Exercise prompt: Both ends included, set down the lines from the line containing "100% Cotton Pajamas" through the last line of the records below, without pictures.

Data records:
++++++++++++++++++++
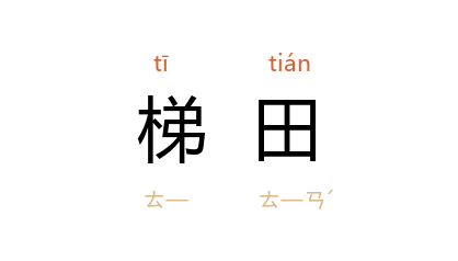 ⒈ 在山坡上开辟的农田,样子像楼梯,一级一级的,边缘筑有田埂,以防止水土流失。
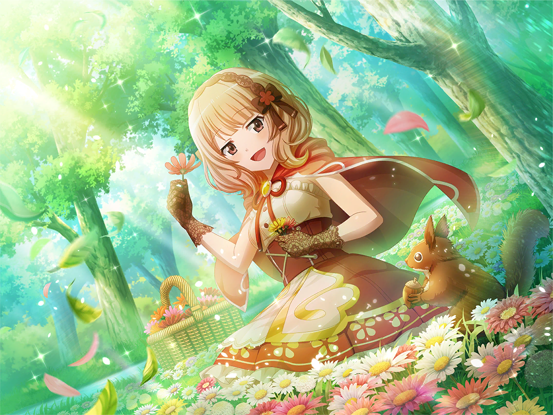 1girl basket blonde_hair blunt_bangs brown_corset brown_eyes cloak corset cosplay dress dutch_angle falling_leaves flower flower_request game_cg gloves hairband holding holding_flower lace lace_gloves leaf light_rays little_red_riding_hood_(fairy_tale) little_red_riding_hood_(fairy_tale_character) little_red_riding_hood_(fairy_tale_character)_(cosplay) looking_at_viewer official_art open_mouth petals red_cloak short_hair shoujo_kageki_revue_starlight shoujo_kageki_revue_starlight_-re_live- sitting solo squirrel tanaka_yuyuko tree upper_body white_dress
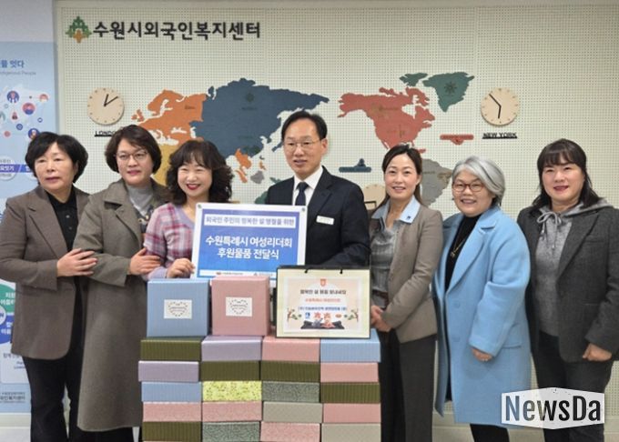 뉴스다 최광묵 기자 | 수원시여성리더회가 “경제적·정서적 어려움을 겪는 외국인들에게 전달해 달라”며 600만 원 상당의 화장품 선물세트(스킨·로션·크림 3종)를 수원시에 전달했다.
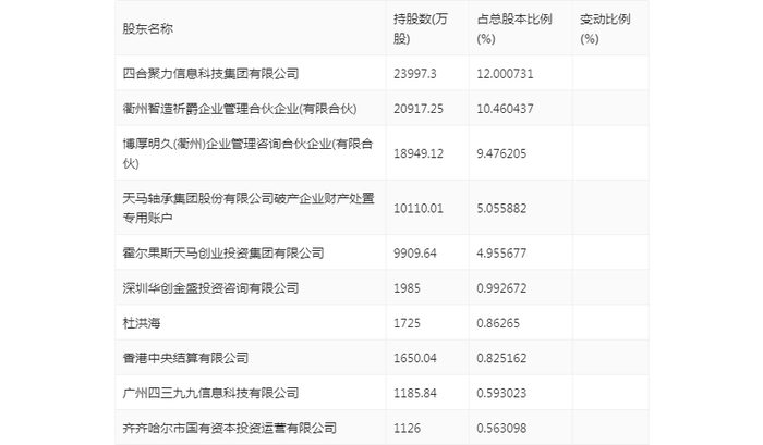 年报显示,2023年年末公司十大流通股东中,新进股东为香港中央结算有限公司、广州四三九九信息科技有限公司、齐齐哈尔市国有资本投资运营有限公司,取代了三季度末的喀什星河创业投资有限公司、恒天融泽资产管理有限公司-恒天融泽嘉星三号私募投资基金、恒天融泽资产管理有限公司-恒天融泽嘉星五号私募投资基金。在具体持股比例上,杜洪海持股有所上升,四合聚力信息科技集团有限公司、衢州智造祈爵企业管理合伙企业(有限合伙)、博厚明久(衢州)企业管理咨询合伙企业(有限合伙)、天马轴承集团股份有限公司破产企业财产处置专用账户、霍尔果斯天马创业投资集团有限公司、深圳华创金盛投资咨询有限公司持股有所下降。
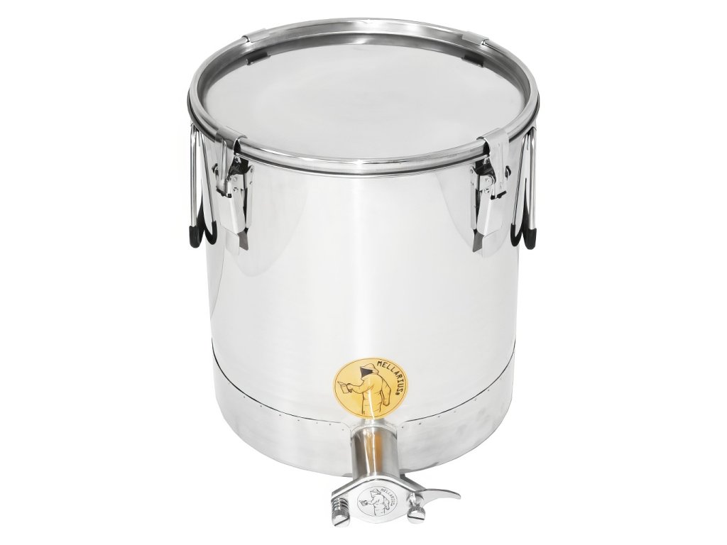 Stáčecí nerezová nádoba na 35 kg medu s nerezovým kohoutem a nerez poklicí s těsněním.
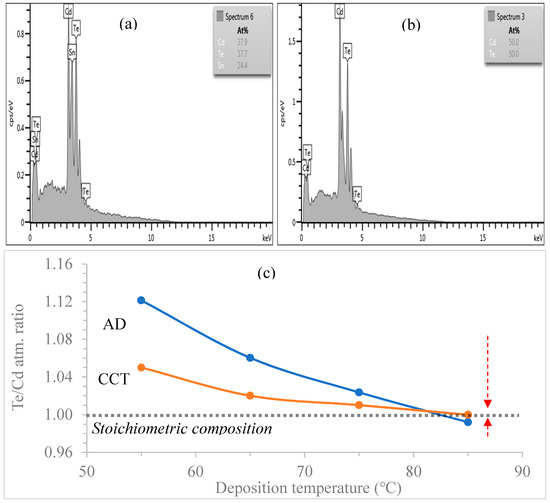 EDX spectra of CdTe grown from the 85 °C electrolyte under (a) AD, (b) CCT conditions (c) is the graphical summary of Te/Cd atomic composition ratio against electroplating temperature of CdTe for both AD and CCT samples.
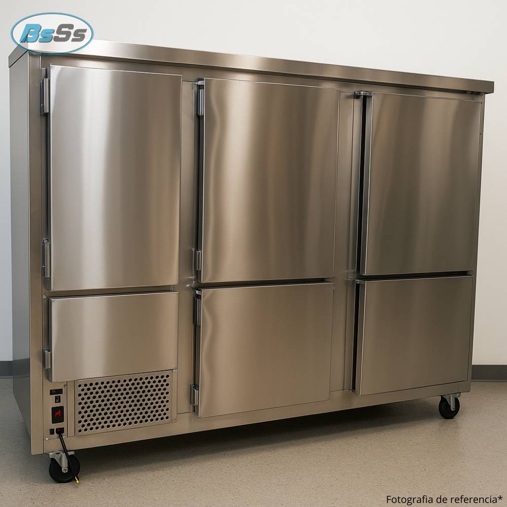 Nevera vertical de tres cuerpos fabricada con interior y exterior en acero inoxidable referencia 430 o 304, ideal para operaciones de gran volumen que requieren máxima capacidad de refrigeración o congelación. Sus puertas selladas en acero inoxidable proporcionan aislamiento térmico eficiente, reduciendo la pérdida de frío y el consumo energético. Incorpora un control digital de temperatura que permite monitorear y ajustar el sistema con precisión. Diseñada para entornos profesionales como centrales de abasto, hoteles, supermercados y cocinas industriales.
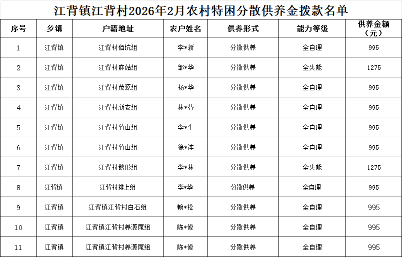 【社會救助】江背鎮江背村2026年2月農村特困分散供養金撥款名單
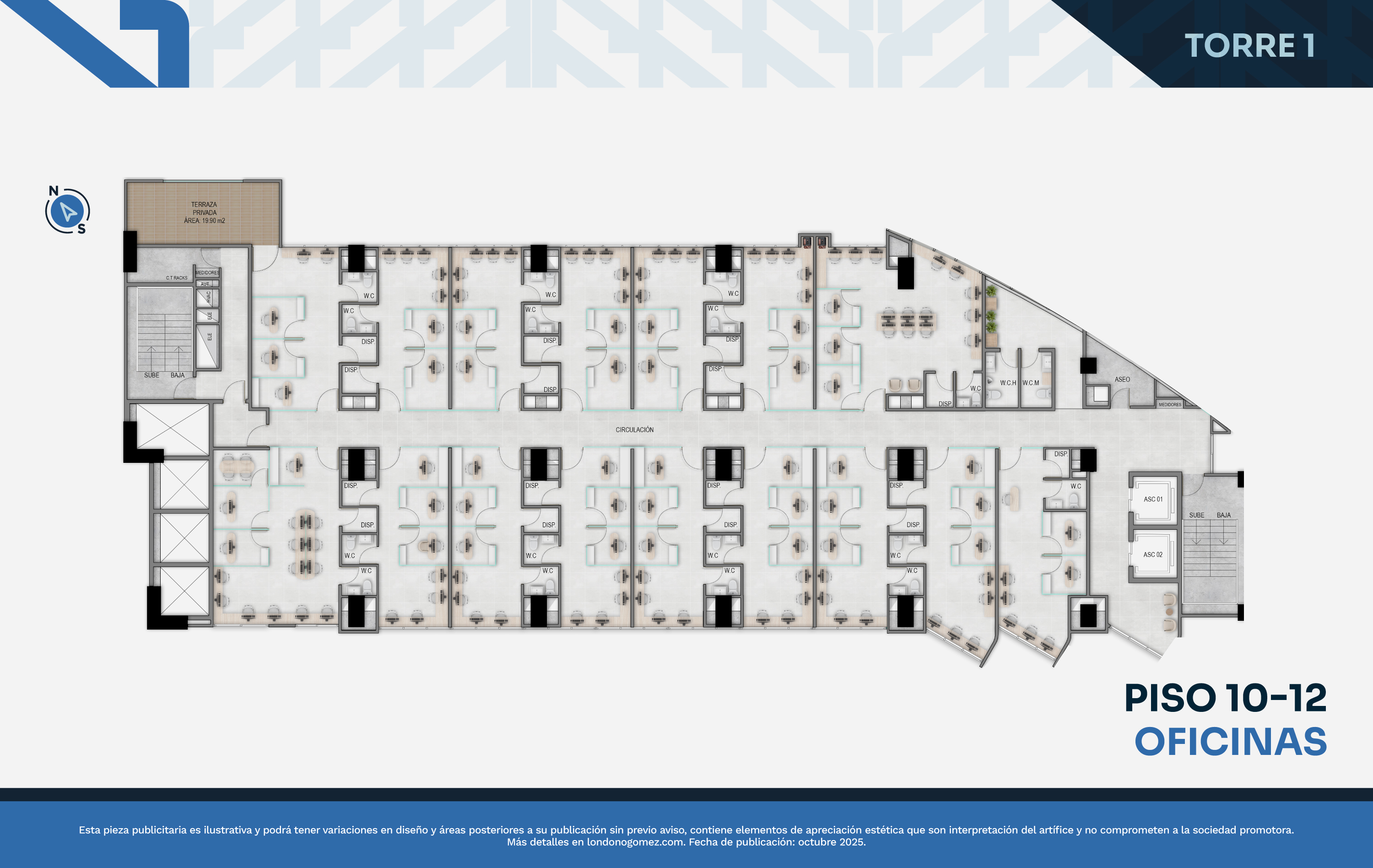 Las oficinas que se encuentran conformadas (divididas) se entregan totalmente terminadas, las áreas abiertas se entregan en obra negra.
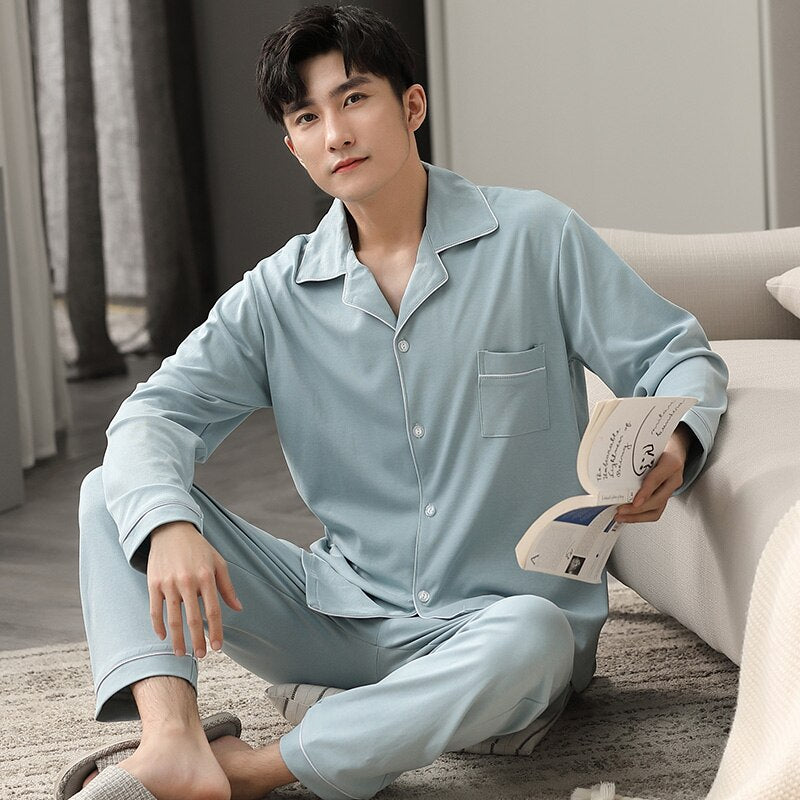 100% Cotton Pajamas Winter Men Sleepwear Nightwear Pijama Hombre Home
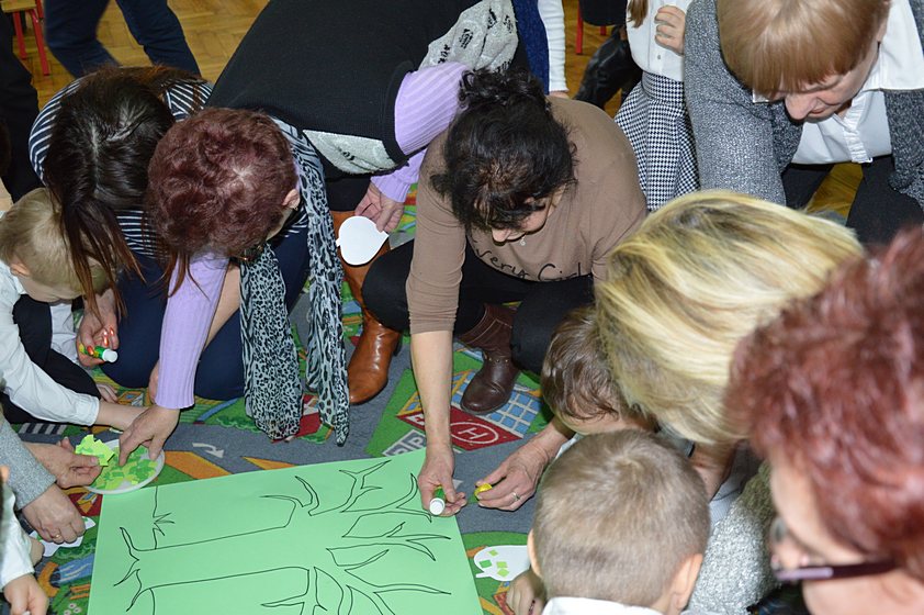 Po części oficjalnej nadszedł czas na chwilę wspólnej zabawy. Smyki i Asy zaprosiły swoich najbliższych do tańca, a także do wykonania zielonych drzewek, nawiązujących do tematu rocznego, który realizujemy w tym roku szkolnym. Zuchy wraz ze swoimi dziadkami udały się do swojej sali, by tak odpocząć i spędzić czas na radosnych rozmowach i zabawie.
++++++++++++++++++++
Solution:
 100% Cotton Pajamas Winter Men Sleepwear Nightwear Pijama Hombre Home
 Po części oficjalnej nadszedł czas na chwilę wspólnej zabawy. Smyki i Asy zaprosiły swoich najbliższych do tańca, a także do wykonania zielonych drzewek, nawiązujących do tematu rocznego, który realizujemy w tym roku szkolnym. Zuchy wraz ze swoimi dziadkami udały się do swojej sali, by tak odpocząć i spędzić czas na radosnych rozmowach i zabawie.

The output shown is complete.